━━ COLLECTED MATERIAL
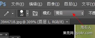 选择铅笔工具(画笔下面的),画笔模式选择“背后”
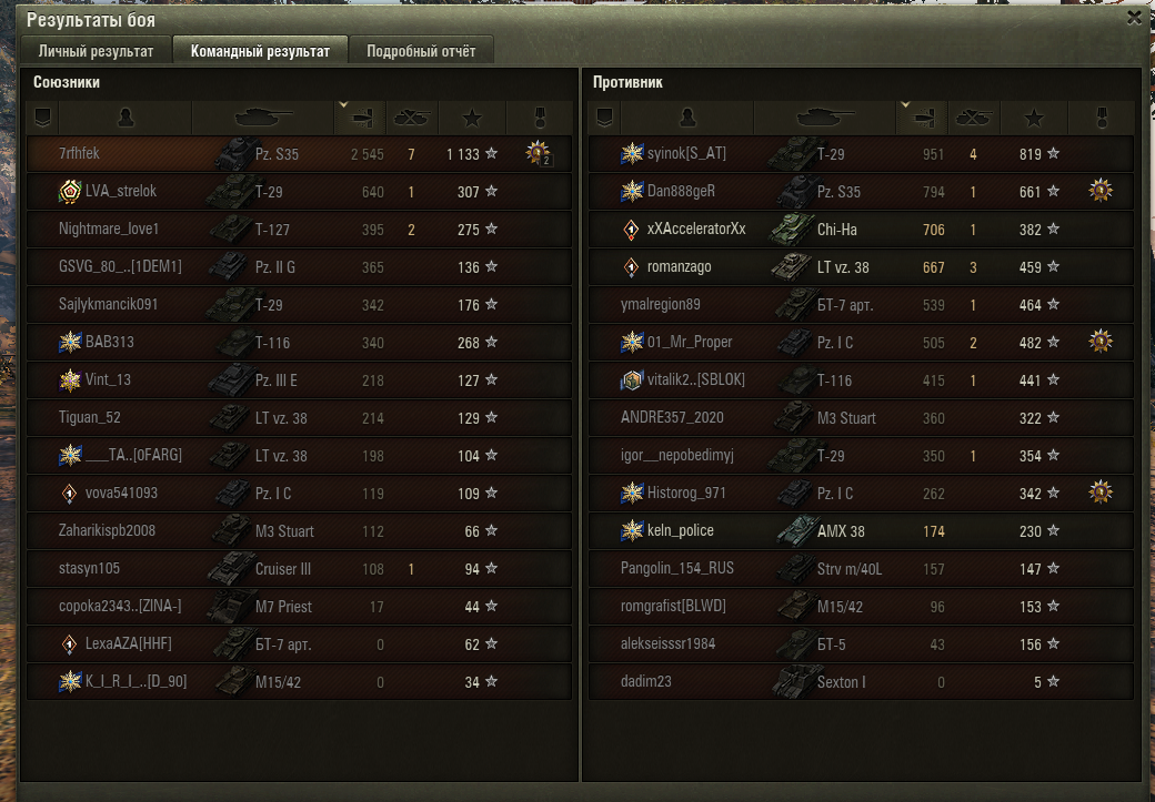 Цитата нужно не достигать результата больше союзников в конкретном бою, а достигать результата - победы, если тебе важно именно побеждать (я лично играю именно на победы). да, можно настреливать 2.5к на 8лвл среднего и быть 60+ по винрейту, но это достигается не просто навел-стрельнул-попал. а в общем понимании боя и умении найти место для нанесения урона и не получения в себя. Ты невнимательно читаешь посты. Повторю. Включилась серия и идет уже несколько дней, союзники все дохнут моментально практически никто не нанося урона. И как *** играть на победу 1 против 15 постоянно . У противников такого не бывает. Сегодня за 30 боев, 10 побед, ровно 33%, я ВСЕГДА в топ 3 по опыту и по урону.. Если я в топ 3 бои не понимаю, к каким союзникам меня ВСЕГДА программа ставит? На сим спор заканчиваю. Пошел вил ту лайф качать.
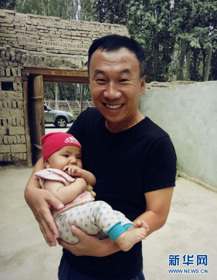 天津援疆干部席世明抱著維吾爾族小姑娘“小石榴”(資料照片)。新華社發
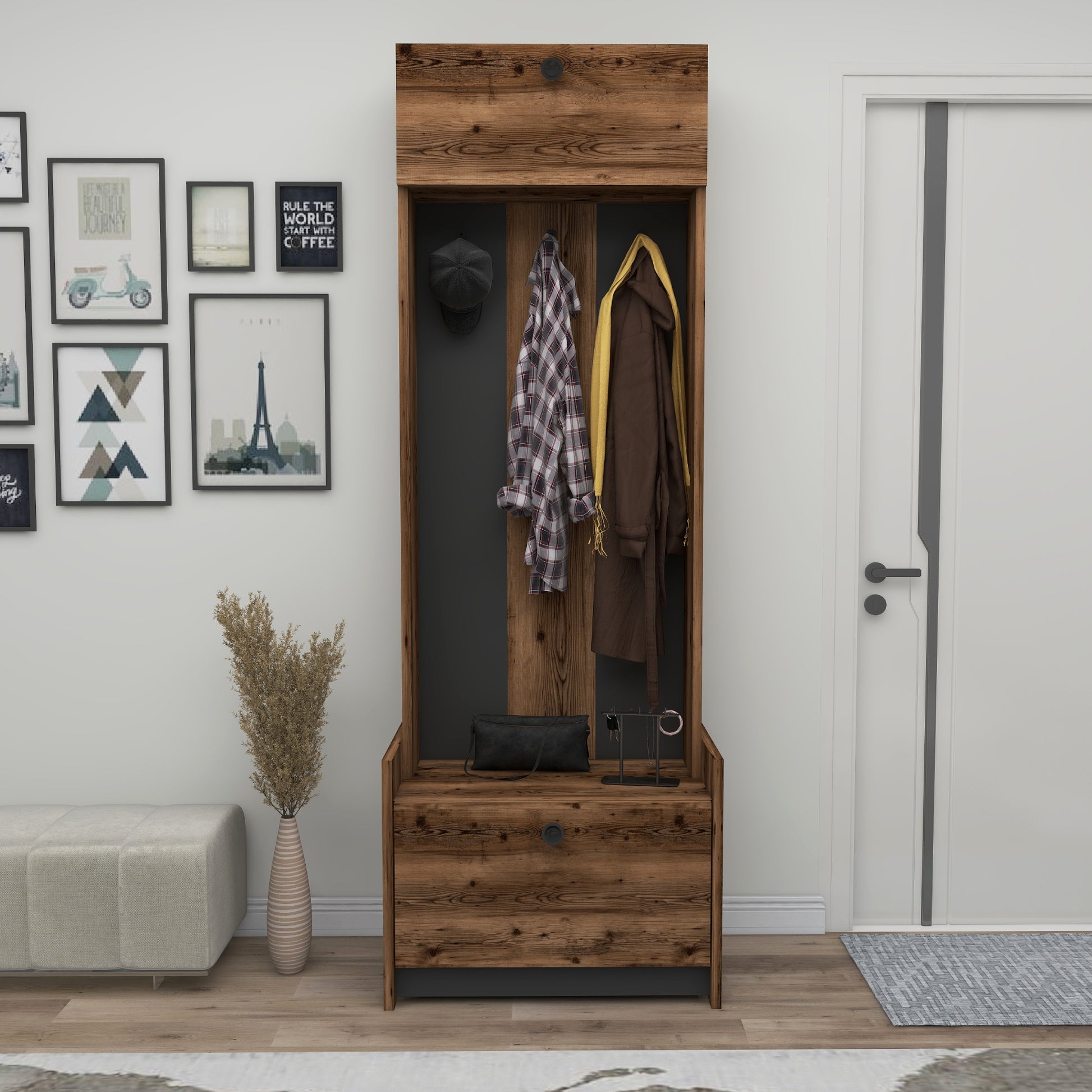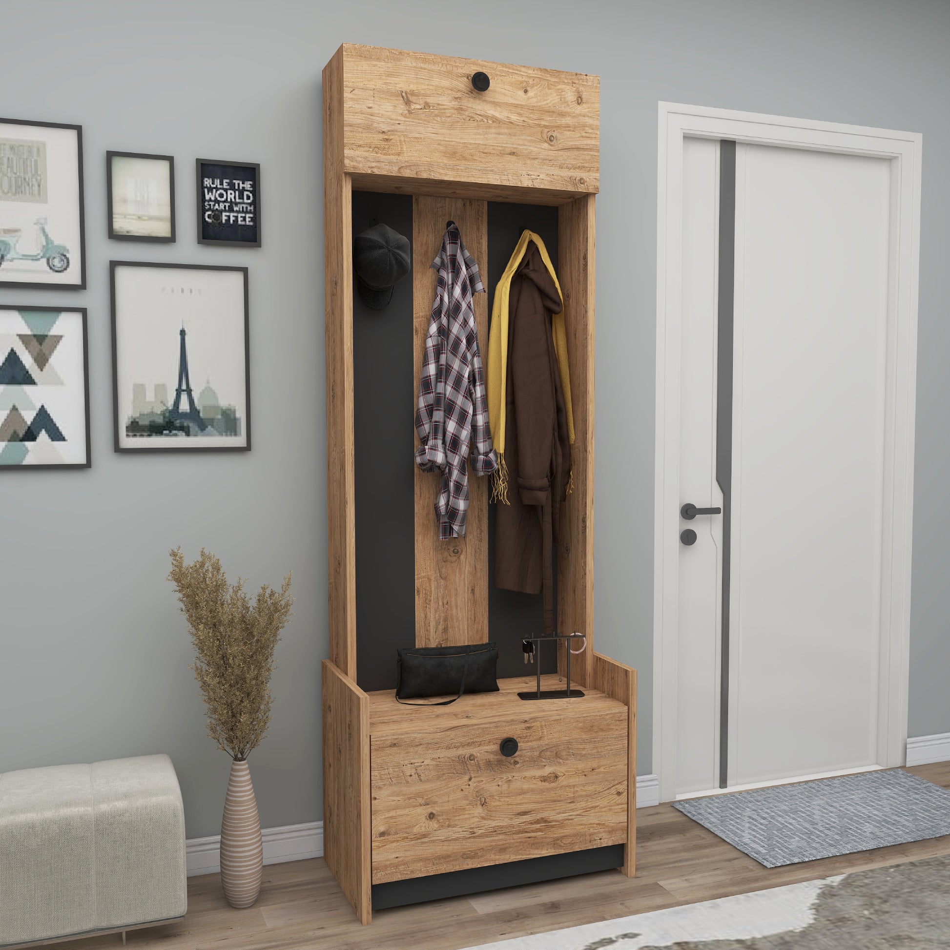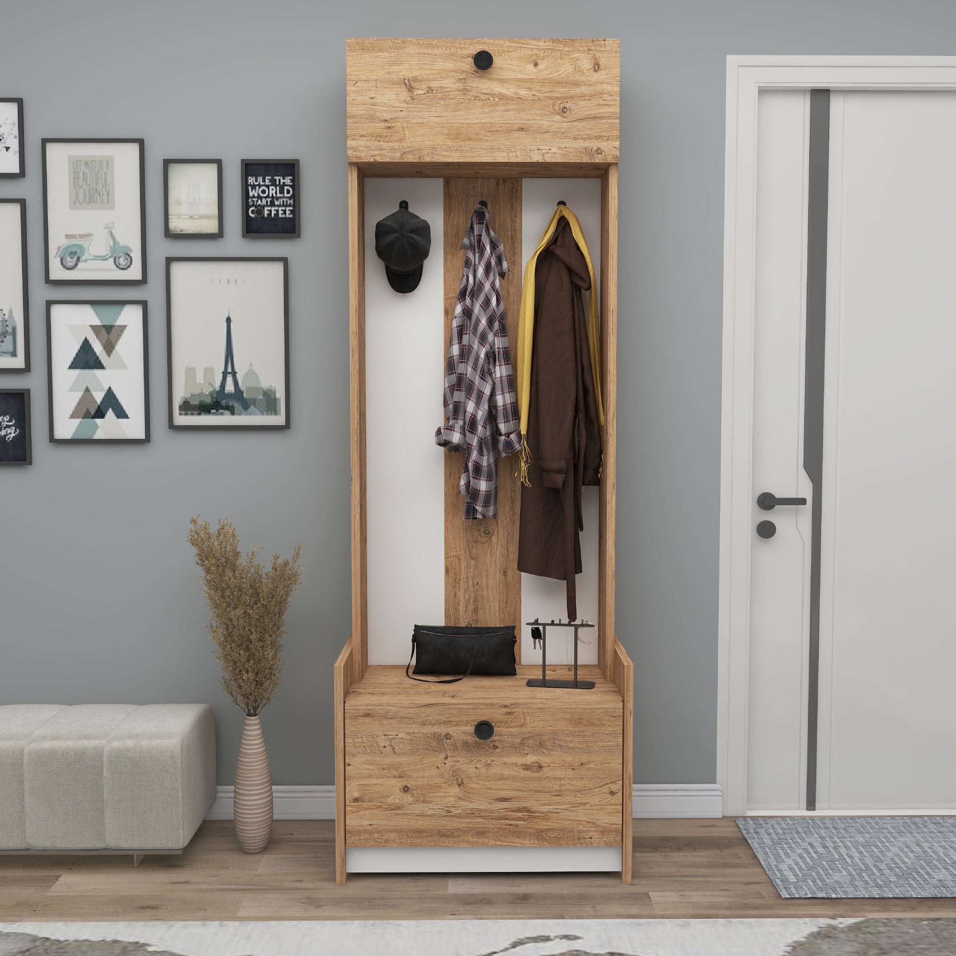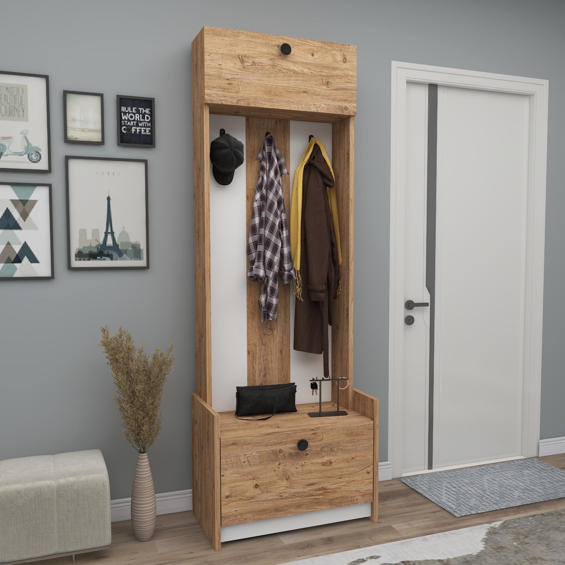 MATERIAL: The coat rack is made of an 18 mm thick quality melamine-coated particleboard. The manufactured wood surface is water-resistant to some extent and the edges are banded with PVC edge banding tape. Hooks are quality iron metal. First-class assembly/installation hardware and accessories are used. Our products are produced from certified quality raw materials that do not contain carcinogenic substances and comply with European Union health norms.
━━━━
__WHAT YOU ARE ASKED TO DO__
For this exercise, return the data above exactly and leave every picture out.

__RESULT OF THE EXERCISE__
 选择铅笔工具(画笔下面的),画笔模式选择“背后”
 Цитата нужно не достигать результата больше союзников в конкретном бою, а достигать результата - победы, если тебе важно именно побеждать (я лично играю именно на победы). да, можно настреливать 2.5к на 8лвл среднего и быть 60+ по винрейту, но это достигается не просто навел-стрельнул-попал. а в общем понимании боя и умении найти место для нанесения урона и не получения в себя. Ты невнимательно читаешь посты. Повторю. Включилась серия и идет уже несколько дней, союзники все дохнут моментально практически никто не нанося урона. И как *** играть на победу 1 против 15 постоянно . У противников такого не бывает. Сегодня за 30 боев, 10 побед, ровно 33%, я ВСЕГДА в топ 3 по опыту и по урону.. Если я в топ 3 бои не понимаю, к каким союзникам меня ВСЕГДА программа ставит? На сим спор заканчиваю. Пошел вил ту лайф качать.
 天津援疆干部席世明抱著維吾爾族小姑娘“小石榴”(資料照片)。新華社發
 MATERIAL: The coat rack is made of an 18 mm thick quality melamine-coated particleboard. The manufactured wood surface is water-resistant to some extent and the edges are banded with PVC edge banding tape. Hooks are quality iron metal. First-class assembly/installation hardware and accessories are used. Our products are produced from certified quality raw materials that do not contain carcinogenic substances and comply with European Union health norms.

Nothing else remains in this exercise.